*** Opening Collected material ***

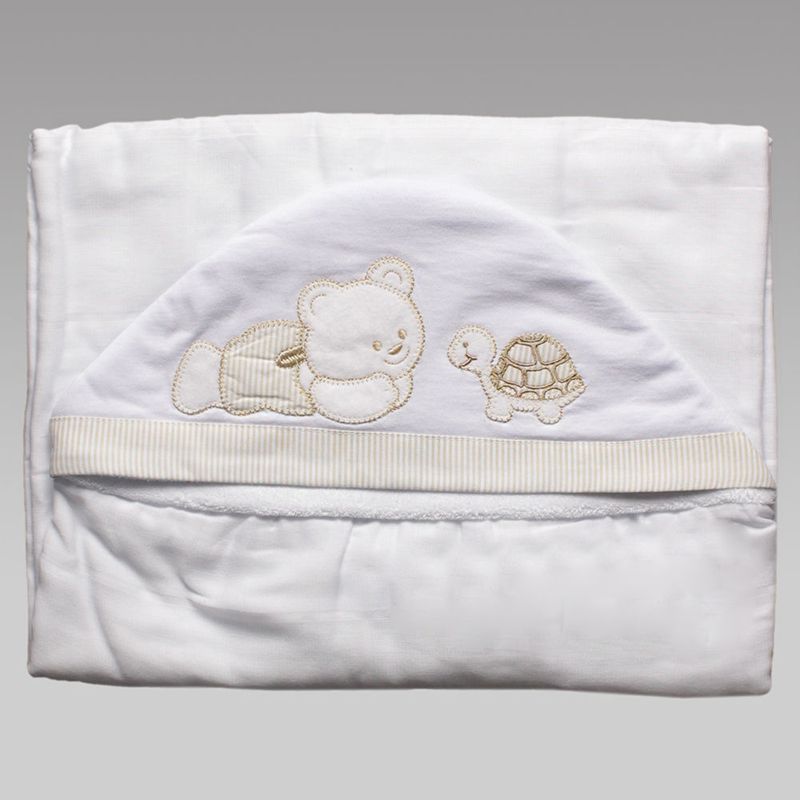Toalha Pequena Dupla com Fralda Urso Tartaruga - TFP032-Bege
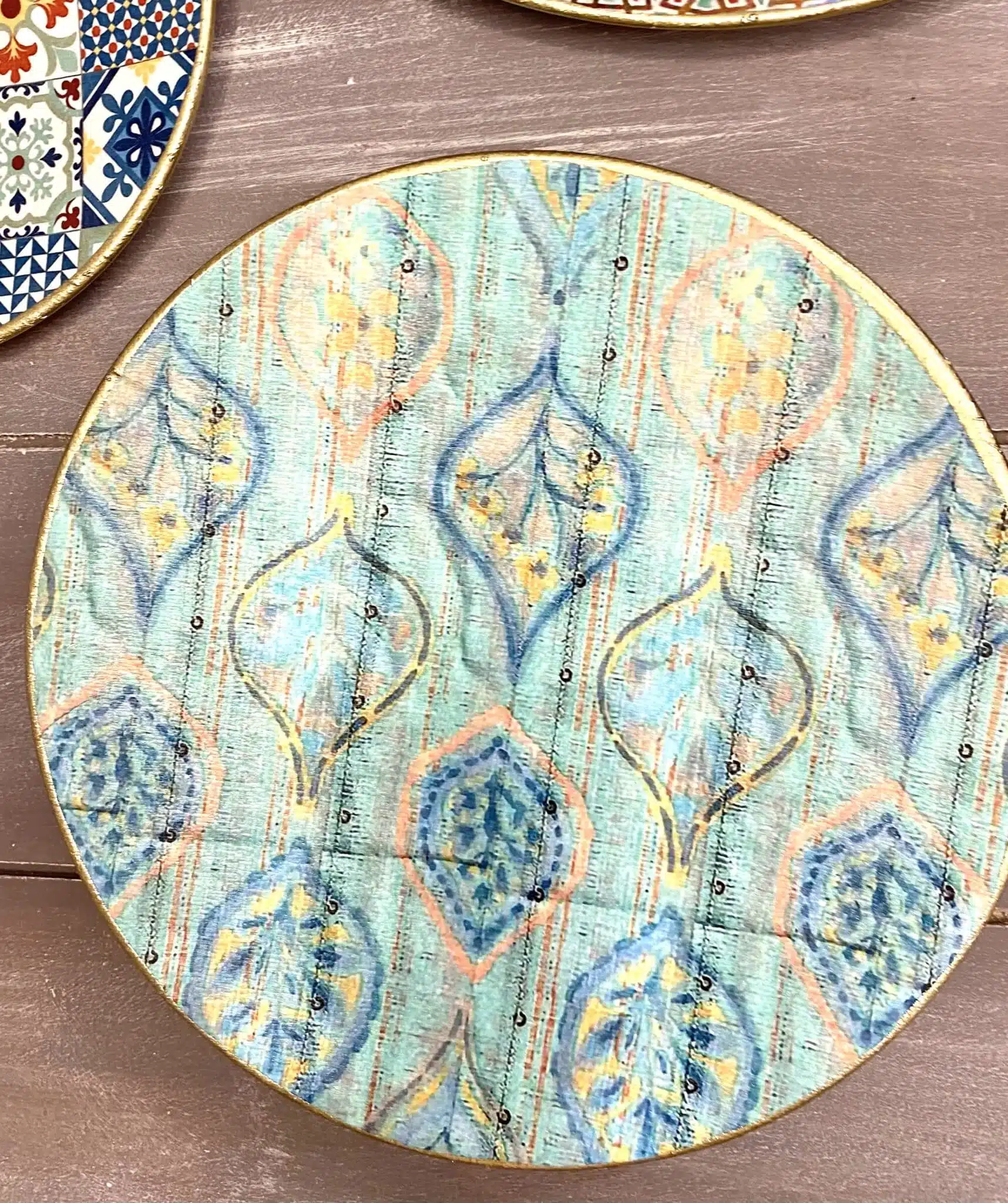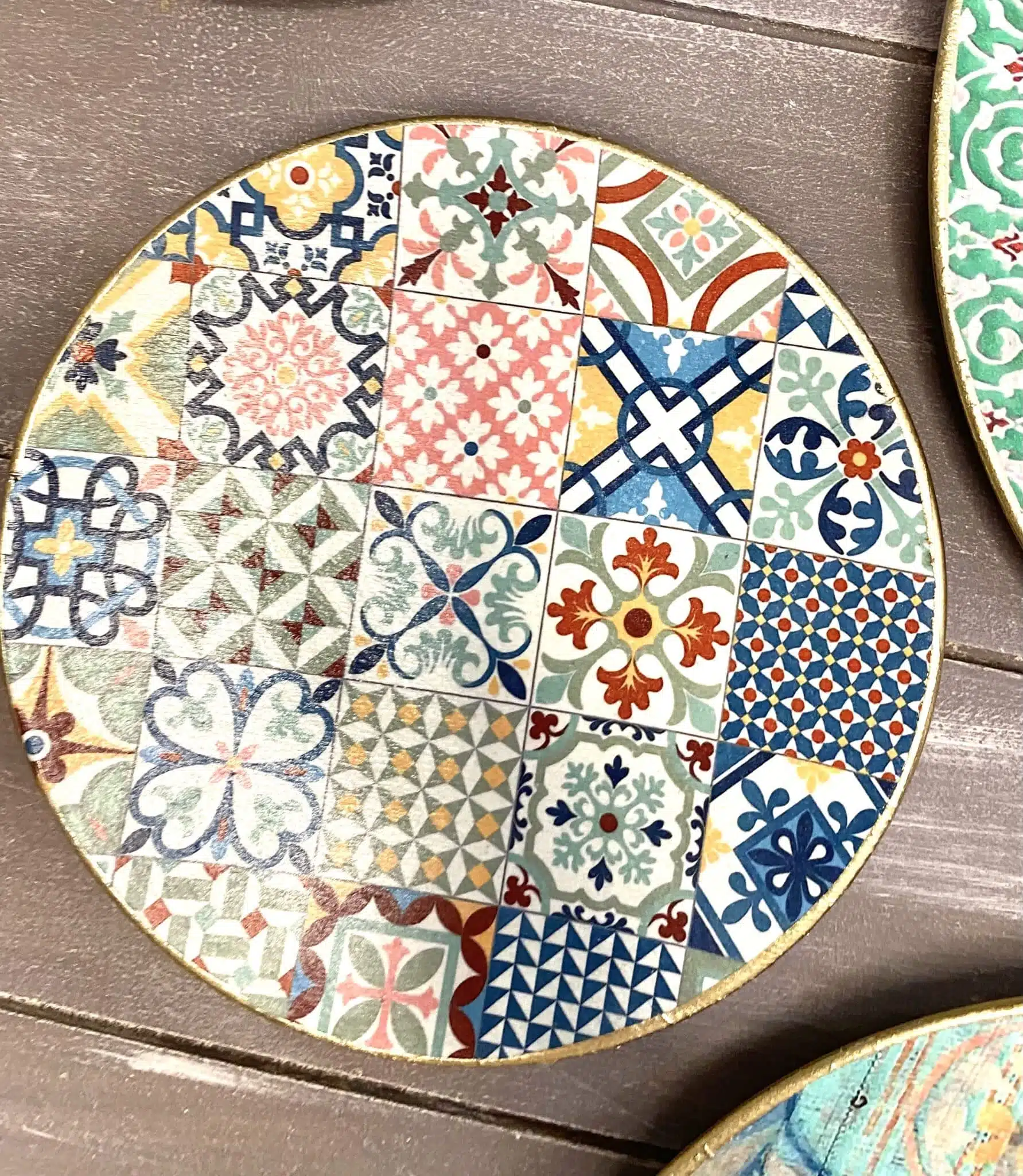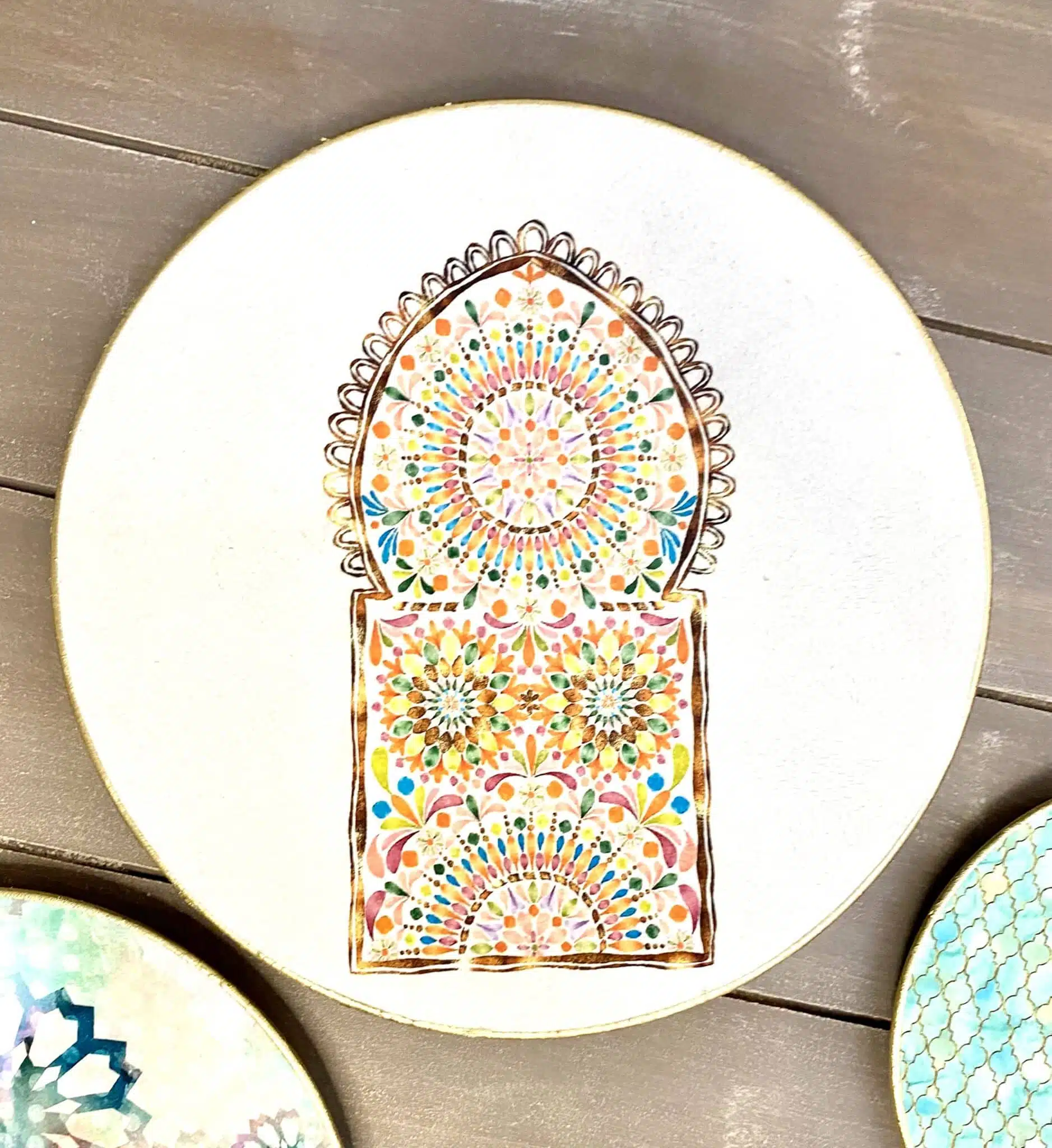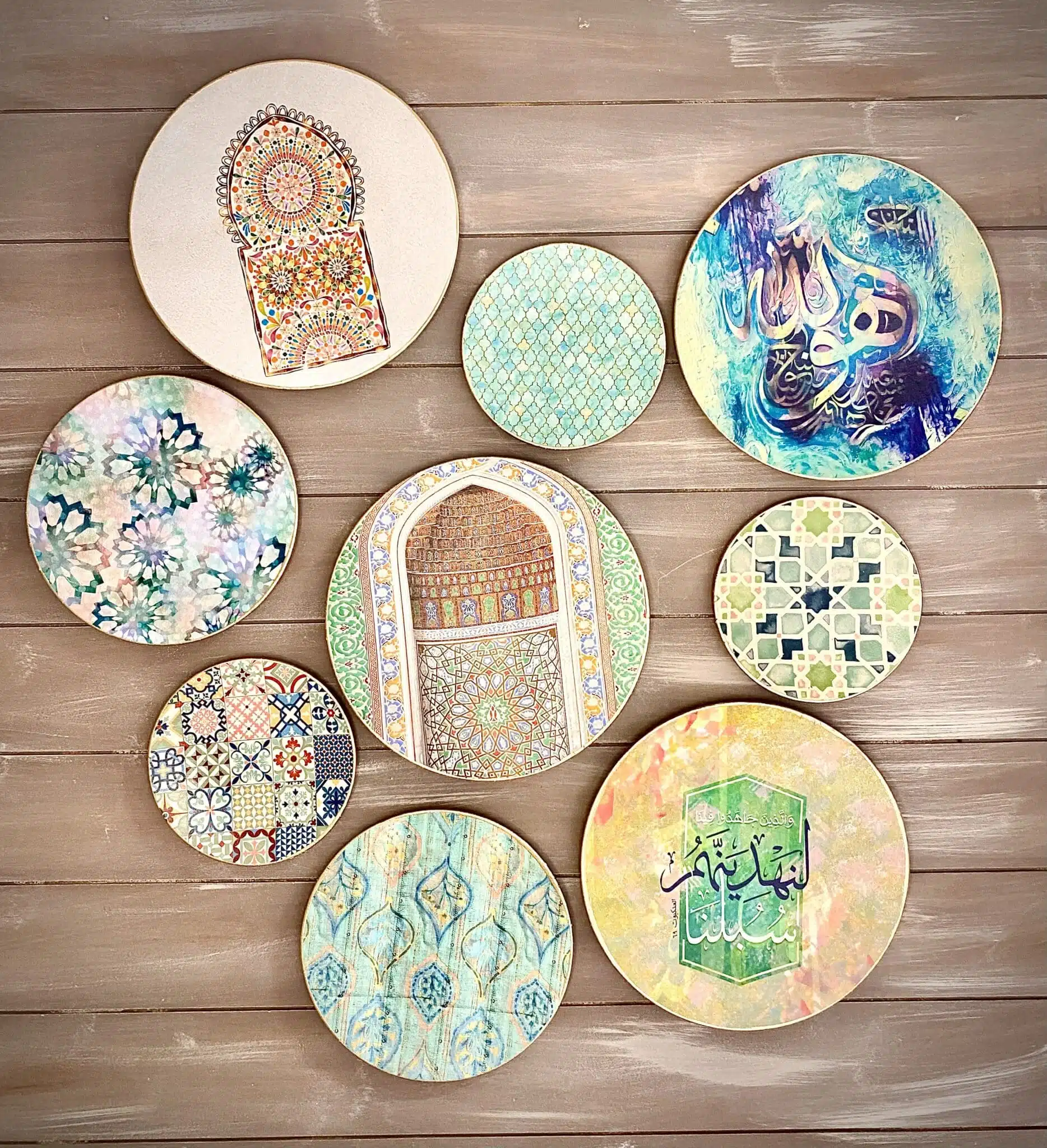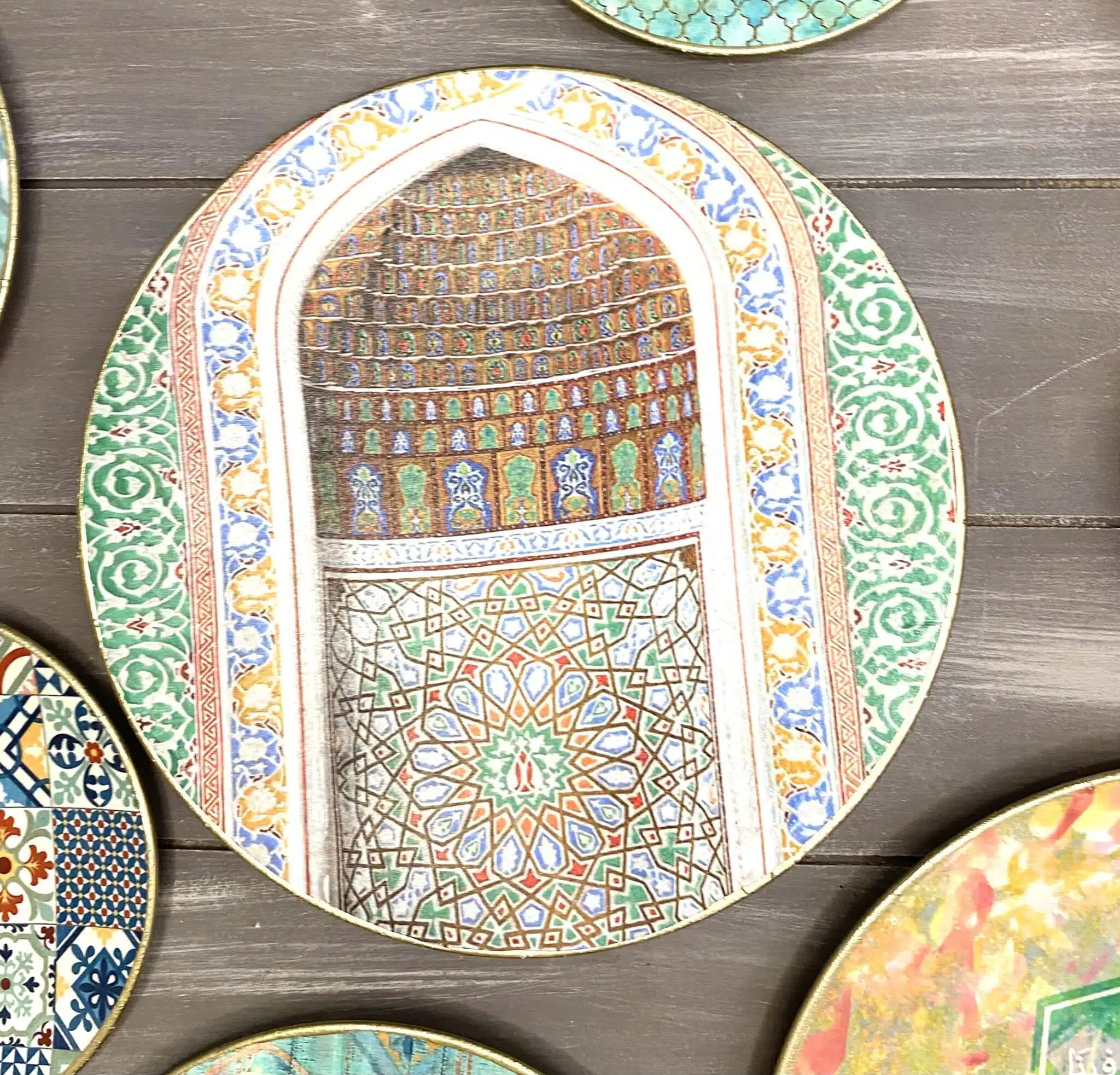 Decoupaged wall plates collection with the them of morocan doors
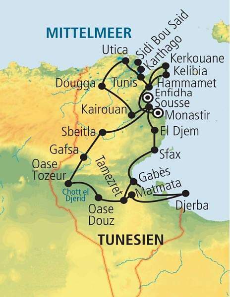 Erleben Sie auf dieser großen zweiwöchigen Rundreise durch Tunesien die kulturellen und landschaftlichen Höhepunkte des Landes. Spüren Sie dabei den Hauch des Orients und bestaunen Sie eine traditionelle Architektur. Die Geschichte Tunesiens ist lang. Bereits die Phönizier errichteten hier ihre erste Handelsniederlassung: Karthago. Und durch Alexander dem Großen wurde es zu einer wichtigen Handels- und Seemacht. Das Landschaftsbild wird von den Ausläufern des Atlasgebirges, endloser Wüsten und Oasen geprägt. Herzlich Willkommen in Tunesien auf dieser großen Rundreise!

*** Closing Collected material ***

Would you return the material above exactly, apart from its pictures?

-- Answer box --
Toalha Pequena Dupla com Fralda Urso Tartaruga - TFP032-Bege
 Decoupaged wall plates collection with the them of morocan doors
 Erleben Sie auf dieser großen zweiwöchigen Rundreise durch Tunesien die kulturellen und landschaftlichen Höhepunkte des Landes. Spüren Sie dabei den Hauch des Orients und bestaunen Sie eine traditionelle Architektur. Die Geschichte Tunesiens ist lang. Bereits die Phönizier errichteten hier ihre erste Handelsniederlassung: Karthago. Und durch Alexander dem Großen wurde es zu einer wichtigen Handels- und Seemacht. Das Landschaftsbild wird von den Ausläufern des Atlasgebirges, endloser Wüsten und Oasen geprägt. Herzlich Willkommen in Tunesien auf dieser großen Rundreise!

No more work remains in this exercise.